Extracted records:
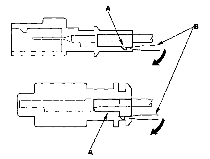 Backprobing Spring-loaded Lock ConnectorsWhen checking voltage or resistance on this type of connector the first time, you must remove the retainer to insert the tester probe from the wire side.
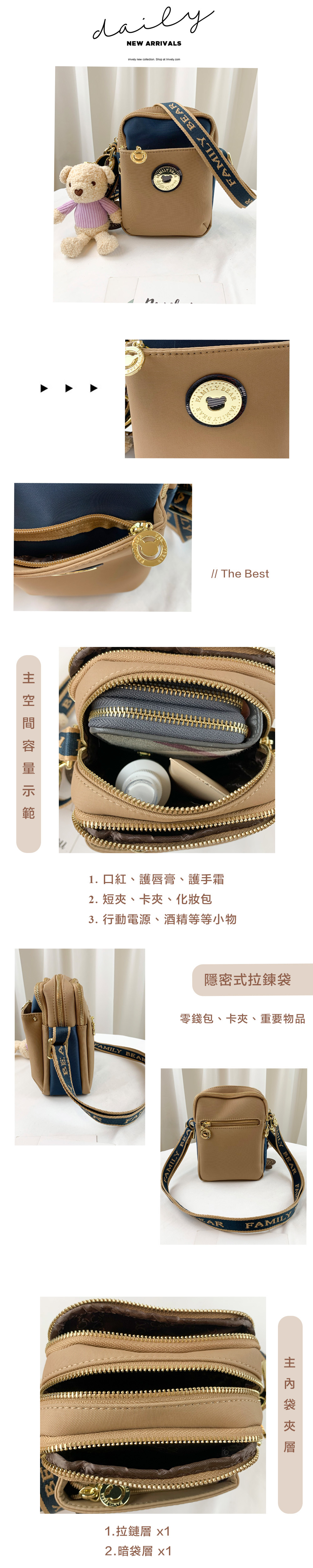 ✒︎三層主空間分層收納,亦可當作手機包出門使用
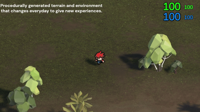 Procedural Generation was a key feature of the game. The game was built in Unity with C# and HLSL. The terrain and environment were generated with the Day as the seed. This ensured that the world would be new every Day.
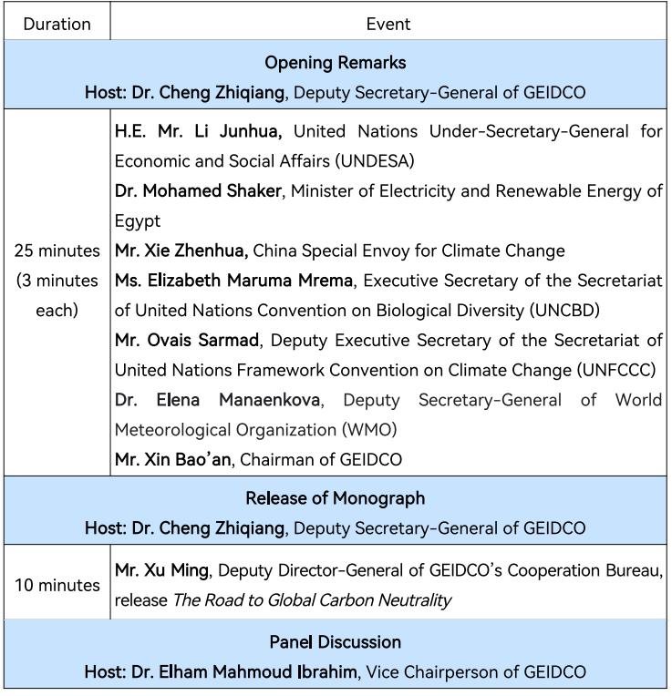 High-level representatives of the UN and relevant international organizations, high-rank officials of relevant countries, experts and scholars from universities and research institutions, and heads of enterprises and financial institutions will share their views on the main topic of "The Road to Global Carbon Neutrality". They will seek solutions to global climate and environmental crises. Discussions will revolve around such topics as clean energy development, low-carbon energy transition, cross-regional energy interconnection, technological innovation, and infrastructure construction.
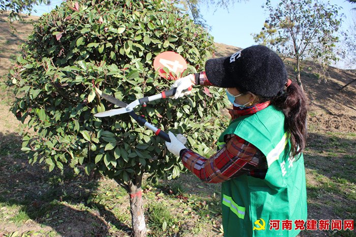 在公园的另一边,随着绿篱剪张合起落的“咔嚓、咔嚓”声,一棵棵女贞球,犹如一件件“艺术品”接受着技艺师们的“精雕细琢”。他们神情专注,动作娴熟,有的针对不同植物特性艺术性修剪,有的挑选不同花语的鲜花,形成寓意美好的主题作品……他们是全县200余名园林养护工人中公认的行业“佼佼者”。
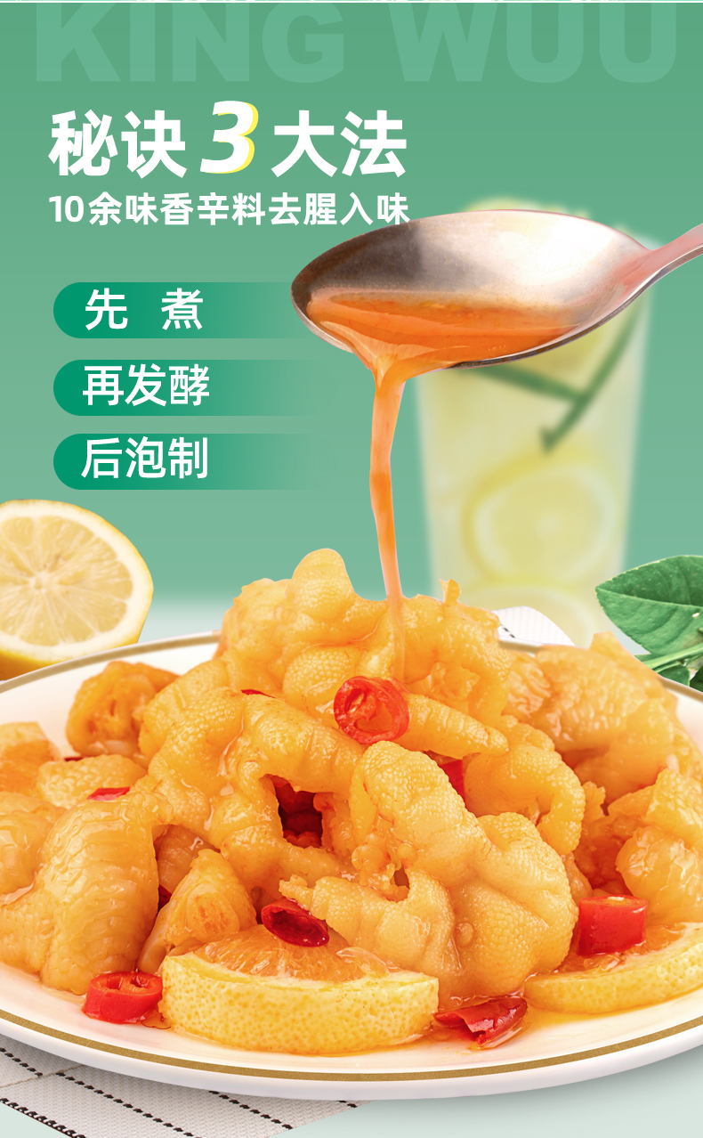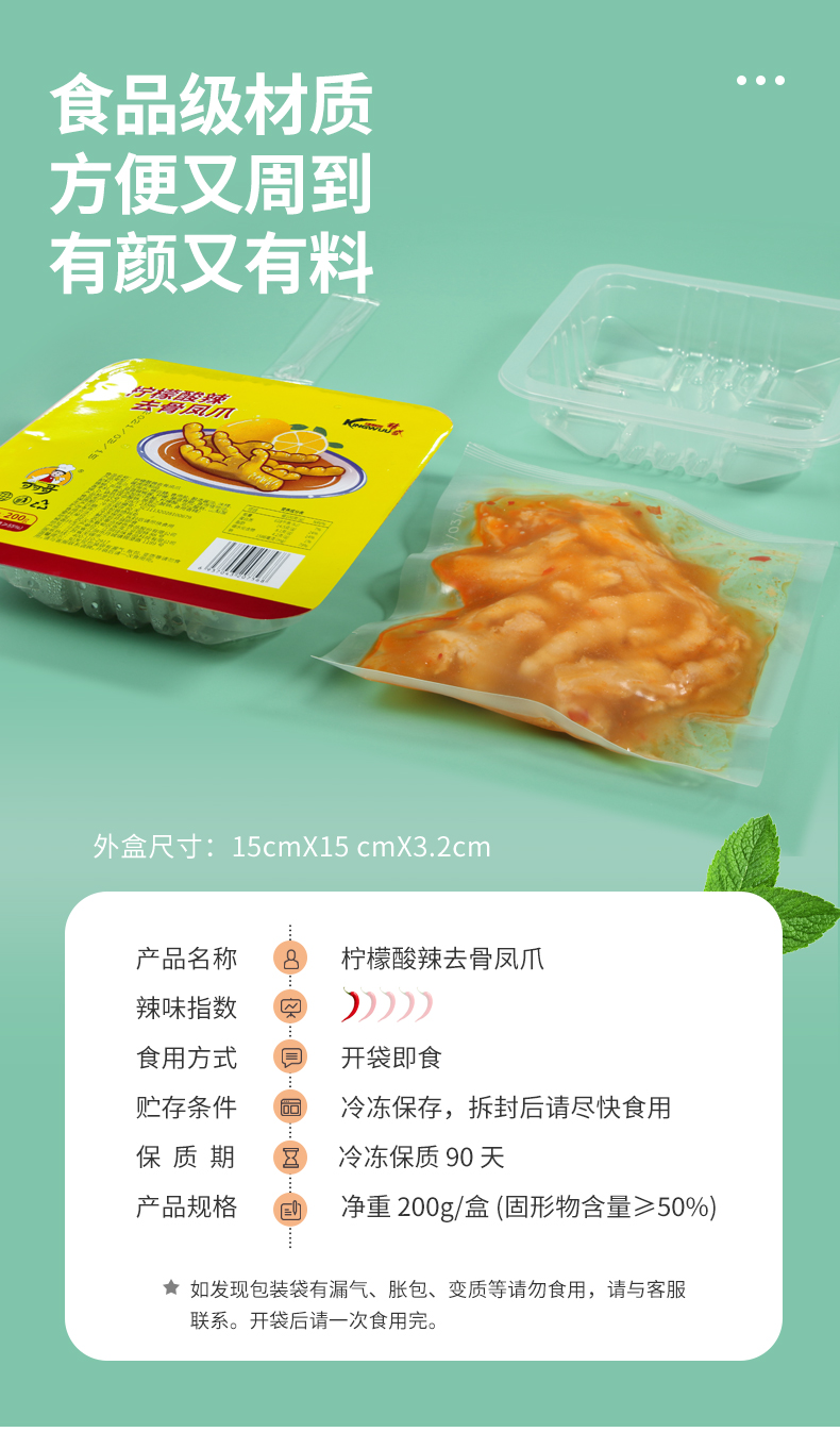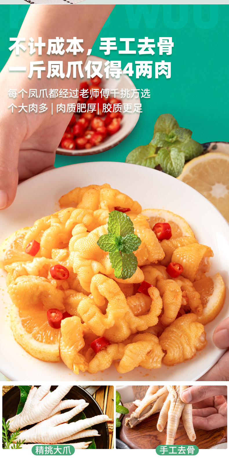 天猫kingwuu旗舰店28.8元,可领5元优惠券,叠加店铺满减,拍5件实付53.6元到手,共到手200g*5盒,固形物含量≥50%。无骨的爽,每一只凤爪精心剔骨,柔韧弹牙,酸辣过瘾,口口爽爆味蕾!最重要的是没有骨头,享受满口是肉的感觉,每一口都是舌尖上的享受!
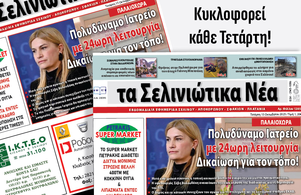 Διαβάστε σε τίτλους, τα βασικότερα από τα θέματα που φιλοξενούνται στο φύλλο των Σελινιώτικων Νέων, το οποίο κυκλοφορεί σήμερα Τετάρτη 8 Οκτωβρίου, 2025
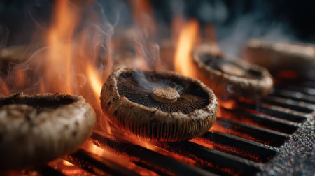 Mushrooms sizzle on a grill, with flames and smoke creating a dynamic, vibrant scene. The mushrooms have a textured, earthy surface and appear juicy as they cook over open fire
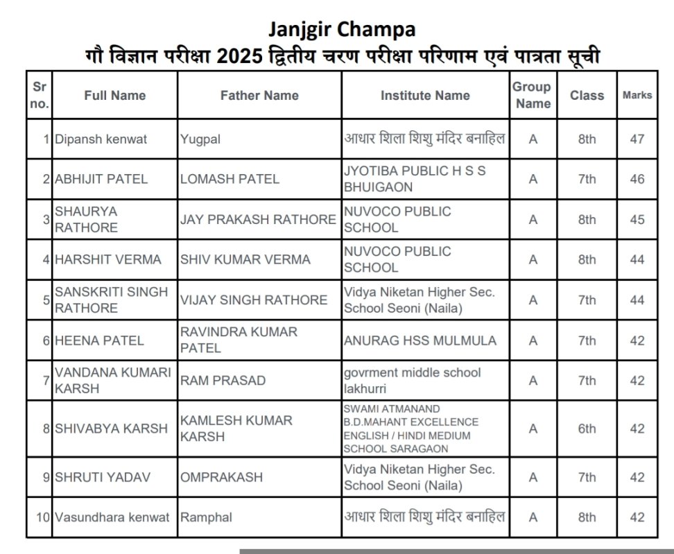 गौ विज्ञान परीक्षा परिणाम घोषित, जांजगीर जिले में दीपांश केंवट ने किया टॉप
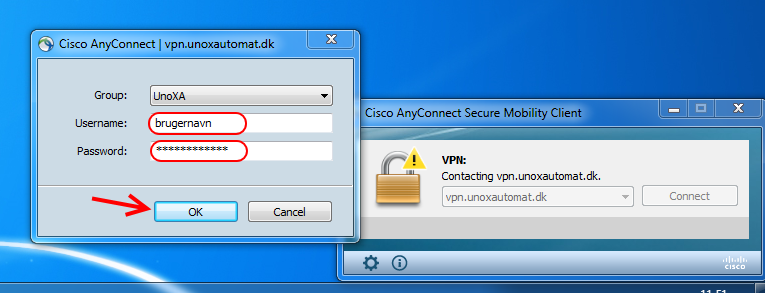 og indtast de krævede oplysninger i boksen: (brugernavn og den adgangskode står i mailen/brevet du har fået) og tryk "OK".
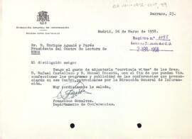 La Dirección General de Información envia els currículums dels següents conferenciats que assistiran al Centre de Lectura. Data del document: 26-03-1958
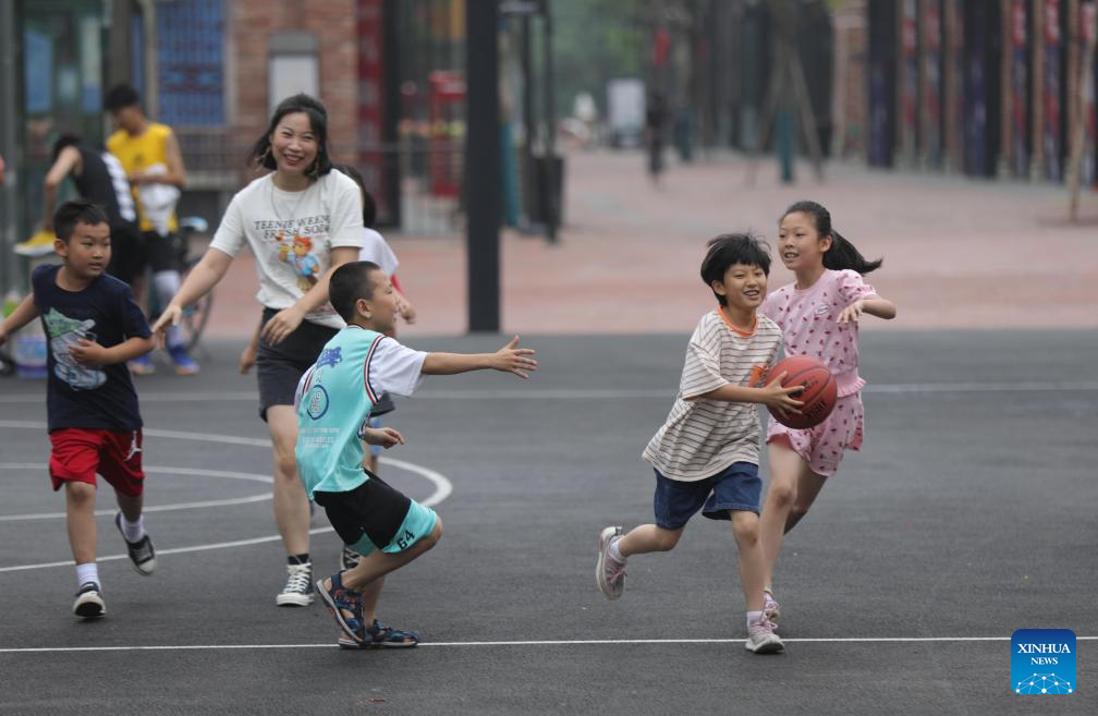 Children play basketball at the Hongmei cultural and creative industry park, which is transformed from an old factory, in Tiexi District of Shenyang, capital of northeast China's Liaoning Province, July 7, 2021. (Xinhua/Yang Qing)
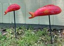 2 Porcelain Koi Fish Garden Statues - 17.5” & 18” tall on posts - 15” & 8.5” long - no chips - good used condition
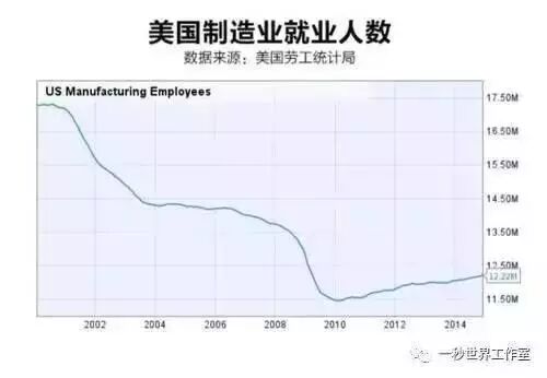2000年以来,美国制造业就业人数总体呈下降趋势。
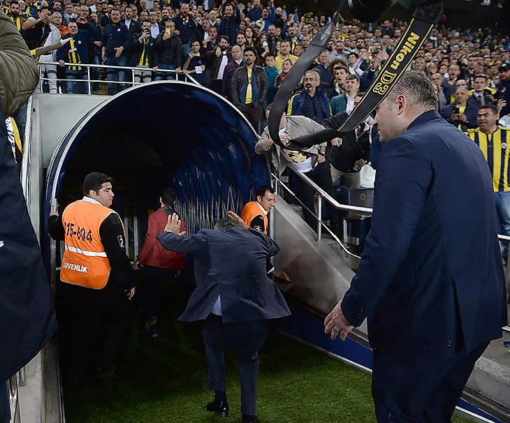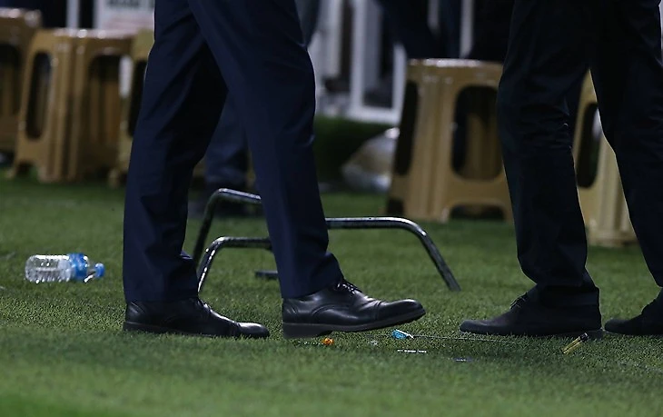 Болельщики «Фенербахче» активно закидывали поле и скамейку запасных «Бешикташа» всякими предметами – от монет и бутылок до зажигалок.

> _Exercise aim_:
The reply should hold an exact repeat of the entries from their opening line through the line with "在公园的另一边,随着绿篱剪张", and no pictures at all.

> _Solved exercise_:
 Backprobing Spring-loaded Lock ConnectorsWhen checking voltage or resistance on this type of connector the first time, you must remove the retainer to insert the tester probe from the wire side.
 ✒︎三層主空間分層收納,亦可當作手機包出門使用
 Procedural Generation was a key feature of the game. The game was built in Unity with C# and HLSL. The terrain and environment were generated with the Day as the seed. This ensured that the world would be new every Day.
 High-level representatives of the UN and relevant international organizations, high-rank officials of relevant countries, experts and scholars from universities and research institutions, and heads of enterprises and financial institutions will share their views on the main topic of "The Road to Global Carbon Neutrality". They will seek solutions to global climate and environmental crises. Discussions will revolve around such topics as clean energy development, low-carbon energy transition, cross-regional energy interconnection, technological innovation, and infrastructure construction.
 在公园的另一边,随着绿篱剪张合起落的“咔嚓、咔嚓”声,一棵棵女贞球,犹如一件件“艺术品”接受着技艺师们的“精雕细琢”。他们神情专注,动作娴熟,有的针对不同植物特性艺术性修剪,有的挑选不同花语的鲜花,形成寓意美好的主题作品……他们是全县200余名园林养护工人中公认的行业“佼佼者”。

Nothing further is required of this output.